The answer must be only the lines below from the one holding "校领导以《担当复兴大任,成就" down to the one holding "Brown Leather Wallet on White Background", ends included, printed exactly; please omit all pictures.

── ENTRIES SUPPLIED ──

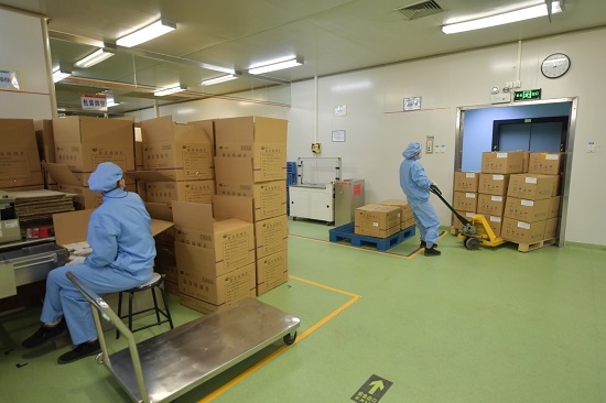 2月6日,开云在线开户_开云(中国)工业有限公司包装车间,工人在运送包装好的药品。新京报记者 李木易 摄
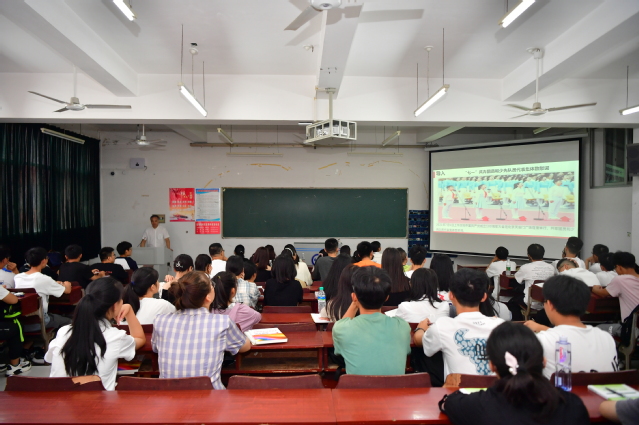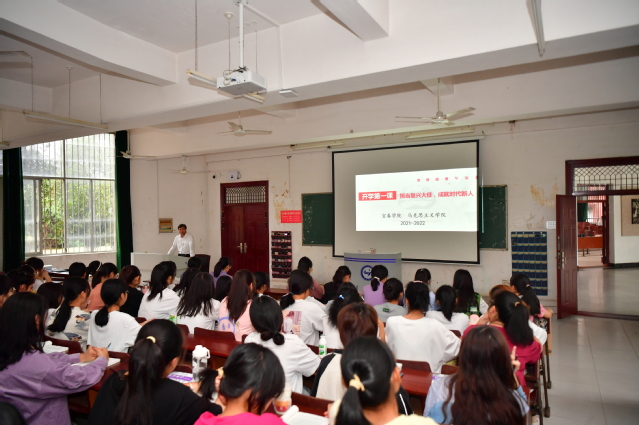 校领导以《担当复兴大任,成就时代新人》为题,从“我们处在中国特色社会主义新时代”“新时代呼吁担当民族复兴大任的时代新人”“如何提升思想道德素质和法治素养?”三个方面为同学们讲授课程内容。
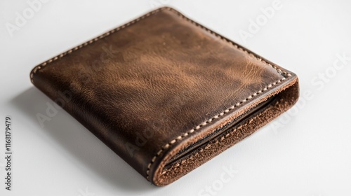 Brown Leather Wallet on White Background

───
── ENTRIES SUPPLIED ──

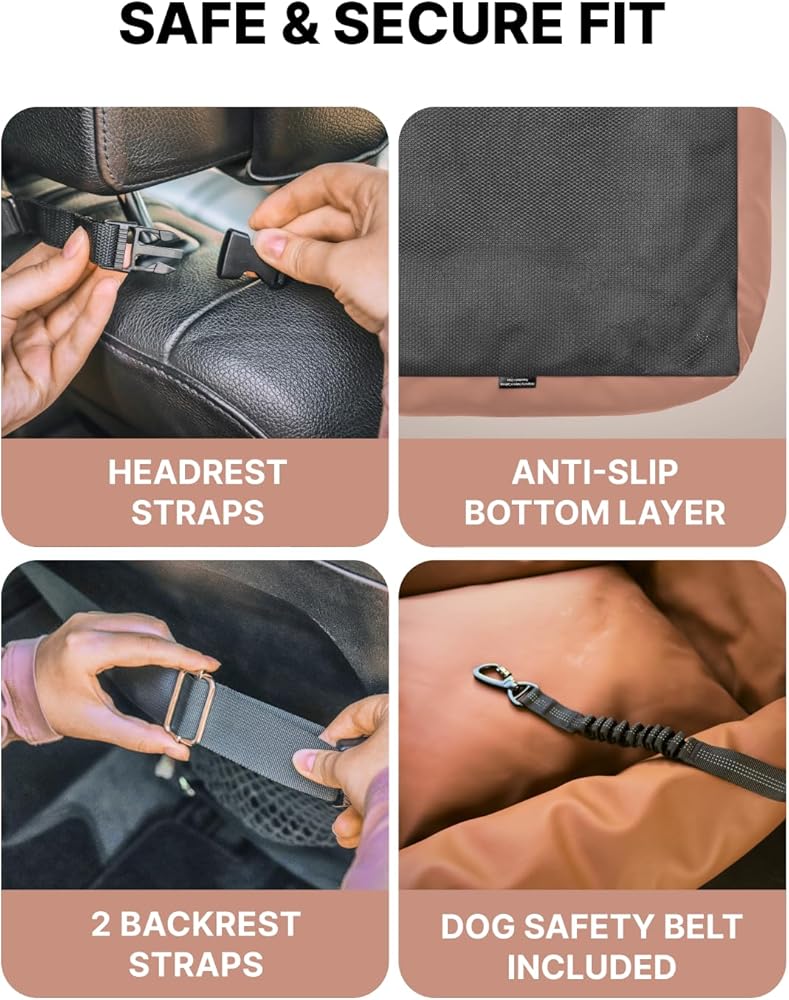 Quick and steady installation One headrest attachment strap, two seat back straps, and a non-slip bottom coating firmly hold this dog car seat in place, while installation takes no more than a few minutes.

───
── ENTRIES SUPPLIED ──

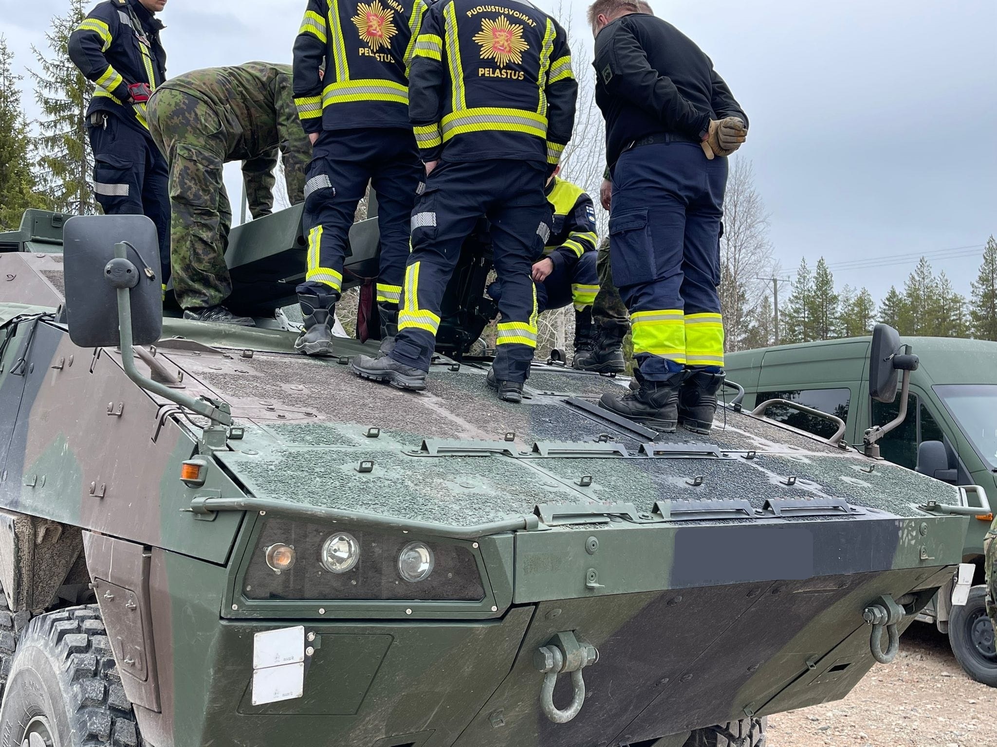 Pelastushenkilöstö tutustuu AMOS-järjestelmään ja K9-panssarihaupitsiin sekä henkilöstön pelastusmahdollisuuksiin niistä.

───

**RESULT FOR THIS EXERCISE**
 校领导以《担当复兴大任,成就时代新人》为题,从“我们处在中国特色社会主义新时代”“新时代呼吁担当民族复兴大任的时代新人”“如何提升思想道德素质和法治素养?”三个方面为同学们讲授课程内容。
 Brown Leather Wallet on White Background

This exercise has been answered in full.